Un grupo de conocidos de distintas profesiones, oficios y beneficios, que coincidíamos años atrás en un programa televisivo como lo fue el conocida como El poder valenciano, acabamos formando piña y conjurados para que, una vez al mes, reeditar la tertulia con comida incluida. La pasada semana el encuentro gastronómico lo llevamos a cabo en Ontinyent. El reclamo de poder degustar sin remilgos de dietas y otras zarandajas dietéticas nuestro embutido, congregó a un buen número de ellos.
Terminado el almuerzo, el abogado Julio Casillas, cuyo conocimiento y pasión por el Derecho corre paralelo por el que siente por la historia, me habló de la importancia que según sabía tuvo el hospital de Ontinyent durante la guerra civil. Y se interesó por el hecho de que fuese en nuestra ciudad en donde quedase instalado un centro que fue toda una referencia quirúrgica y hospitalaria, según le habían comentado quienes lo habían estudiado.

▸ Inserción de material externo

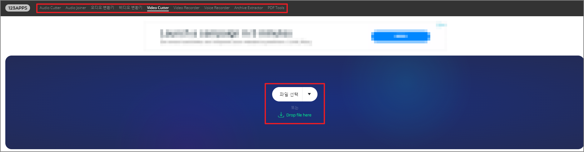 중간에 파일선택을 클릭하고 영상을 불러옵니다.

De modo que ya avanzada la tarde, una vez dado amplio repaso a los temas más destacados de la actualidad, se planteó la posibilidad de acercarnos hasta el Colegio la Concepción para conocer el escenario de lo que fue hospital en los dos últimos años de la guerra. Y hacia allí que nos fuimos. Las clases del viernes habían terminado hacía ya un buen rato, y no quedaba ya rastro ni eco de la habitual algarabía que se puede escuchar cuando se pone fin a la actividad escolar de la semana. Estando cerrada la puerta principal, pensamos que no sería posible la visita. Pero no. Desde una terraza un franciscano advirtió nuestra presencia y al punto vino a decirnos que al momento bajaba para franquearnos el paso.
La hospitalidad franciscana quedó puesta de manifiesto una vez más. Hablamos de nuestro interés por recorrer el colegio y se nos dijo que lo que quisiéramos, incluida la posibilidad de visitar todas sus dependencias, incluidas la espaciosa Iglesia; el atractivo Museo de Ciencias Naturales; y la bien dotada y nutrida biblioteca. Los adjetivos los pongo yo.
Me convertí en cicerone de mis amigos que, ya de entrada y estando en la propia entrada del colegio, se habían quedado sorprendidos de las dimensiones del conjunto de edificios, perfectamente delimitadas en la fotografía aérea que allí cuelga. Salieron a relucir las preguntas sobre quiénes habían sido los alumnos más destacados y conocidos. Fermín Palacios pidió ver las orlas que enmarcan los retratos de los colegiales en el último año del bachillerato. Tenía interés por ver aquellas en las que figuraban los hermanos Roig, Fernando y Juan que, en efecto, allí están como estudiantes a mediados de los sesenta.
Hablamos, por supuesto, del hospital de guerra en que de modo forzoso fue convertido el Colegio de la Concepción. De las casi mil camas que llegó a instalar para atender a los heridos de aquella guerra. De los avances quirúrgicos que fueron introducidos en sus quirófanos, teniendo como tenían los cirujanos tanta materia prima como les llegaba desde el frente. Les indiqué que el mejor remate a la visita sería que viesen el documental Las mamas belgas, que da buena cuenta de lo que fue la vida en aquel hospital en aquellos aciagos días.
El Museo de Ciencias Naturales despertó su curiosidad, pero fue en la Biblioteca en donde unos y otros tuvimos ocasión de descubrir en sus lomos los títulos de tantas obras como alberga y deleitarnos con pasión bibliófila con tanta riqueza atesorada. Se volvieron los amigos a Valencia y, según me confesaron al despedirse, se fueron impactados por la importancia pedagógica del Colegio en sus más de cientos veinticinco años de existencia. Meses atrás, en esta misma columna, escribí en parecidos términos. Me alegró escuchar sus comentarios a favor de un centro educativo al que los ontinyentins que pasaron y pasan por sus aulas deben, debemos, reconocimiento y gratitud.